El faro me indica con su luz intermitente que
llegaremos a nuestra primera parada. Serán apenas unas horas, pero las
suficientes para no olvidar lo que es tierra firme. Necesito recordar el sonido
de mis pasos al caminar por una calle empedrada y cruzarme con desconocidos. El
graznido de las gaviotas, cuando llevas meses navegando, se convierte en un
dulce trinar al tocar puerto, hasta lo encuentro melodioso. El olor a mar y a
redes se diluye entre el humo de las chimeneas de los edificios que flanquean
el puerto. Mientras me pierdo por sus calles aledañas, unas calles estrechas
que suben y bajan como si fueran colinas, la tripulación se dirige al único
establecimiento que permanece abierto a esas horas. Música y cerveza ayudarán a
combatir su nostalgia. La taberna de madera oscura me recuerda la de los
cuentos de piratas que me leía mi padre de pequeño. Cuando regreso de la
soledad de mi paseo, un marinero me entrega un hatillo de cartas atadas con una
cuerda. Las recojo mostrando indiferencia. Me cuesta controlar la respiración.

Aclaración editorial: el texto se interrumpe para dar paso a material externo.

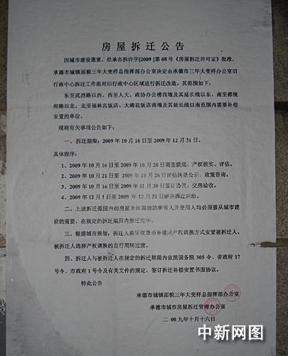 在10月16日由承德市城鎮(zhèn)面貌三年大變樣總指揮部辦公室以及承德市房屋拆遷辦公室印發(fā)的《房屋拆遷公告》明確顯示:10月16日至10月20日為老行政中心房屋產(chǎn)權(quán)調(diào)查摸底、產(chǎn)權(quán)核實(shí)、評(píng)估階段,并由“承德市三年大變樣辦公室舊行政中心拆遷工作組”實(shí)施拆遷。而金源公司于10月18日就開(kāi)始強(qiáng)行拆除皇家安裝工程公司辦公用房。
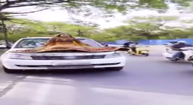 प्रयागराज के सिविल लाइन में कार की बोनट पर दुल्हन के लिबास पहन कर बना रही थी रील
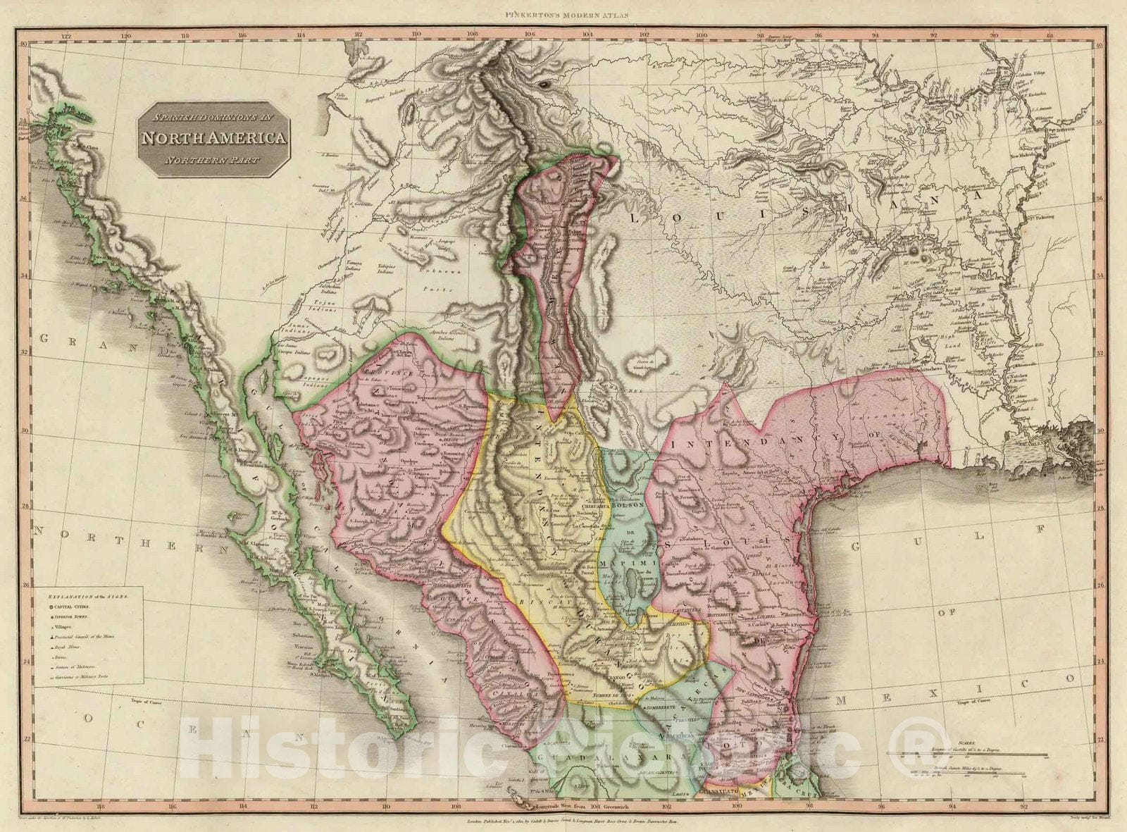 Spanish dominions in North America, northern part. Drawn under the direction of Mr. Pinkerton by L. Hebert. Neele sculpt. 352 Strand. London: published Novr. 1, 1811, by Cadell & Davies, Strand & Longman, Hurst, Rees, Orme, & Brown, Paternoster Row. | A modern atlas, from the latest and best authorities, exhibiting the various divisions of the world, with its chief empires, kingdoms and states, in sixty maps, carefully reduced from the largest and most authentic sources. Directed and superintended by John Pinkerton, author of Modern geography, &c. London: Printed by T. Bensley, Bolt Court, Fleet Street; for T. Cadell and W. Davies, Strand; and Longman, Hurst, Rees, Orme, And Brown, Paternoster Row. 1815. | A superb copy. One of the best English Atlases of the period, similar to Thomson's General Atlas of 1817. See the Philadelphia edition of 1818. Maps are hand painted in full color and bound in new half leather beige cloth covered boards with "Pinkerton Atlas" stamped in gilt on a black spine label.
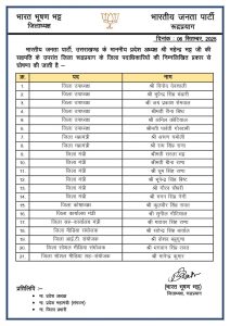 घोषित सूची में सभी नवनियुक्त पदाधिकारियों को जिम्मेदारियां सौंपते हुए पार्टी ने आगामी समय में संगठन और जनता के बीच मजबूत सेतु बनने का आह्वान किया है। इस अवसर पर पार्टी कार्यकर्ताओं और समर्थकों में हर्ष और उत्साह का माहौल देखने को मिला।
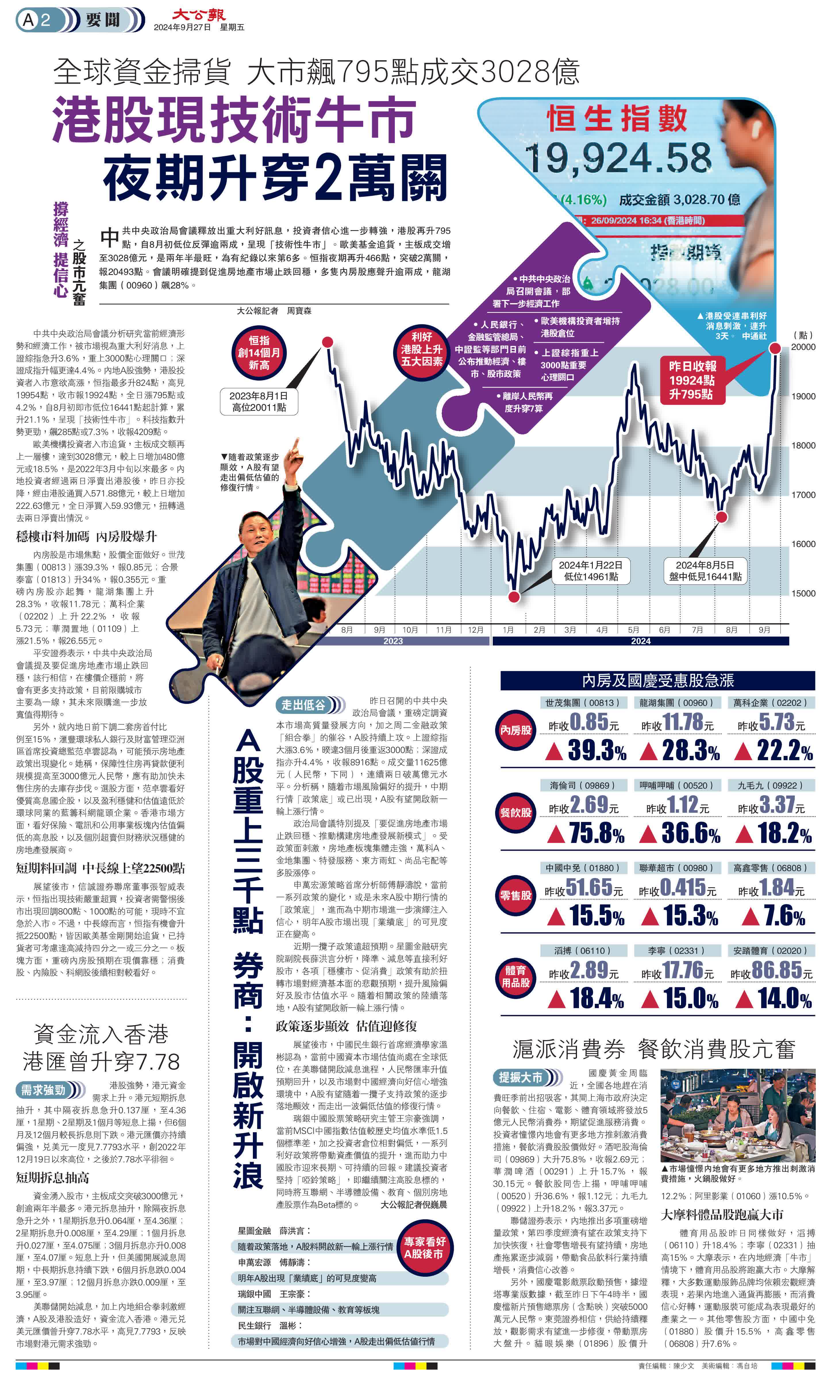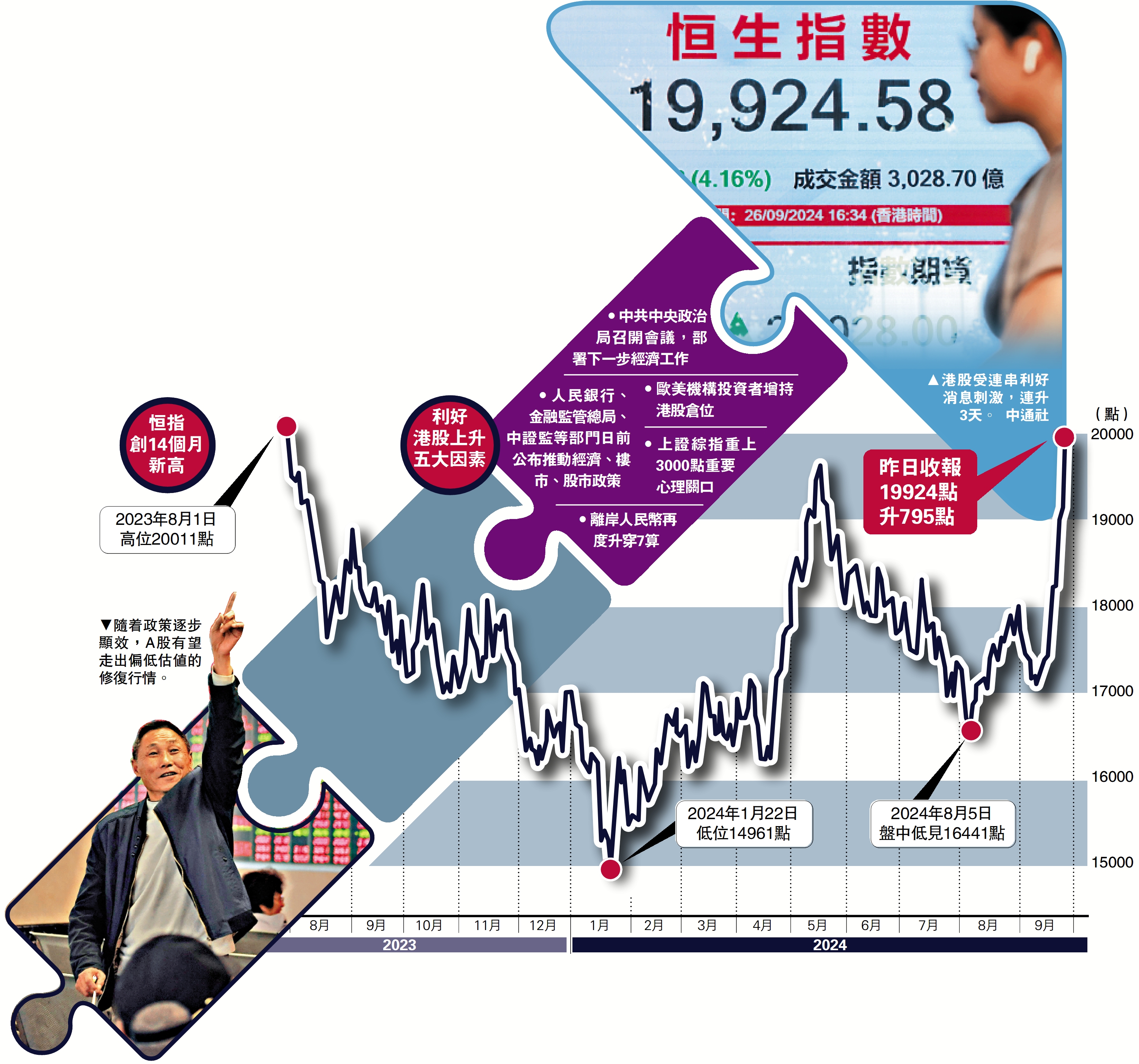 中共中央政治局會議分析研究當前經濟形勢和經濟工作,被市場視為重大利好消息,上證綜指急升3.6%,重上3000點心理關口;深證成指升幅更達4.4%。內地A股強勢,港股投資者入市意欲高漲,恒指最多升824點,高見19954點,收市報19924點,全日漲795點或4.2%,自8月初即市低位16441點起計算,累升21.1%,呈現「技術性牛市」。科技指數升勢更勁,飆285點或7.3%,收報4209點。
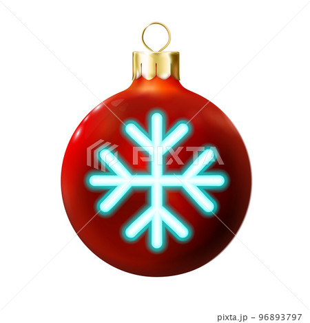 Red Christmas ball decorated blue snowflake neon lamp. Holiday icon isolated. Merry xmas, New year design png decoration.
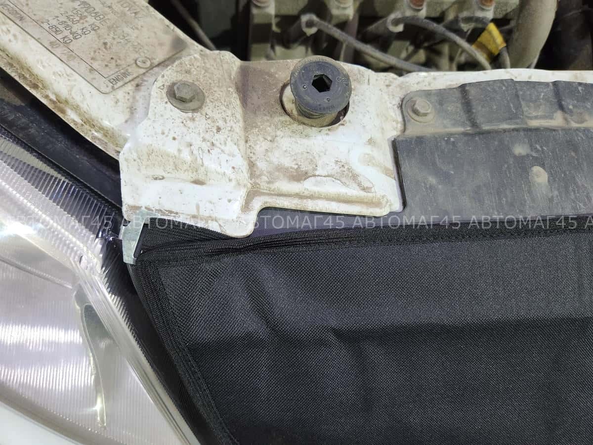 Универсальная система креплений в виде резинок и крючков позволяет надежно зафиксировать изделие, идеально повторяя контуры решетки радиатора.
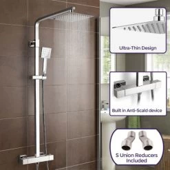 Winstead Square Thermostatic Bath Mixer Shower Riser Rail Kit
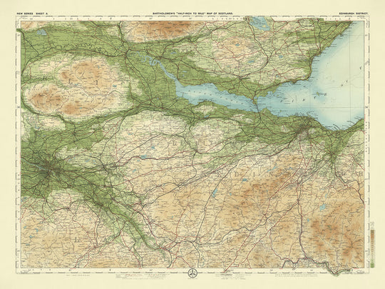 Das Design der Karte ist sowohl funktional als auch ästhetisch ansprechend, mit einem klaren, attraktiven Layout, das die Navigation durch die politischen und physischen Merkmale der Region erleichtert. Basierend auf einer reduzierten Ordnance Survey-Karte aus derselben Zeit bietet sie einen umfassenden Blick auf den Edinburgh District, einschließlich seiner Städte, Gemeinden und natürlichen Wahrzeichen. Die subtile Verwendung von Farben zur Darstellung des Landschaftsreliefs verbessert nicht nur die visuelle Anziehungskraft der Karte, sondern liefert auch wertvolle Informationen über das Terrain, was sie zu einem unverzichtbaren Werkzeug für Reisende und Geografie-Enthusiasten macht.
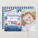 This 4th of July 2nd Birthday party invitation is designed to match our 4th of July collection! This theme is perfect for any patriotic, red, white, and blue themed birthday party. This design features watercolor fireworks, ice cream, balloons, sunglasses, beach waves and a blue watercolor background. The backside features a picnic buffalo plaid pattern that perfectly compliment the frontside.

Me coloco la gorra en señal de autoridad y regreso al Valentín. El barco, mi territorio, a medio camino entre el hogar y
la cárcel. Me encierro en mi camarote con la luz tenue del quinqué de la mesa
de mi despacho y lloro. Reconozco la letra de mis hijos en el exterior de las
cartas. Ninguna de Alba. Las cartas de Juan y Rafael son nuestra pequeña
conversación diaria. Juan ha aprendido a montar en bicicleta y Rafael disfruta
perdiéndose en el mundo de Julio Verne. El Nautilus se hace cómplice de
Morfeo, y se apodera de sus sueños. Quiero apagarles la luz de la habitación y
decirles nuestra frase secreta, pero no puedo.
Continúo leyendo. En otra carta Juan me ha hecho un
dibujo: él y yo cogidos de la mano paseando por la playa. Mientras, Rafael continúa
ensimismado con sus libros de aventuras. Salgari es ahora el dueño de sus
fantasías. De su madre apenas hablan.
Estamos a mitad de trayecto. El tiempo nos ha
acompañado durante toda la travesía. Los hombres disfrutan en cubierta del poco
tiempo libre que les queda. Un grupo de ballenas jóvenes llevan horas
escoltando al Valentín provocando un
gran alboroto en la tripulación. La superstición vive entre la gente de mar.
Para nosotros, esas moles acuáticas son señal de buena suerte. Escribo a Alba,
le digo lo mucho que la extraño y la necesidad que tengo de estrecharla entre
mis brazos. Le hablo de nuestro próximo retoño. Tengo el presentimiento de que
será una niña. Dicen que las niñas son de los padres y los niños de las madres.
Le prometo que no me embarcaré al menos durante una temporada y que la llevaré
a cenar y a bailar y los domingos iremos en familia a disfrutar de Vivaldi al
kiosco de música del parque. Todos los vecinos envidiarán nuestra maravillosa
familia. Y no estará sola. Su padre se opuso desde el primer momento a nuestro
matrimonio, pero la perseverancia es una de las cualidades de Alba. Siempre
defendió que estábamos muy enamorados. Su padre la advirtió que un marino
pertenece al mar, no a su familia. Ahora siento que las palabras de su padre
fueron un vaticinio.
Llevo muchos días sin noticias de ella, no sé si la
estoy perdiendo.
Diario
de a bordo. Día 90
La radio nos informa de las tensiones que existen
entre países, pero todavía nadie se ha atrevido a lanzar el primer ataque.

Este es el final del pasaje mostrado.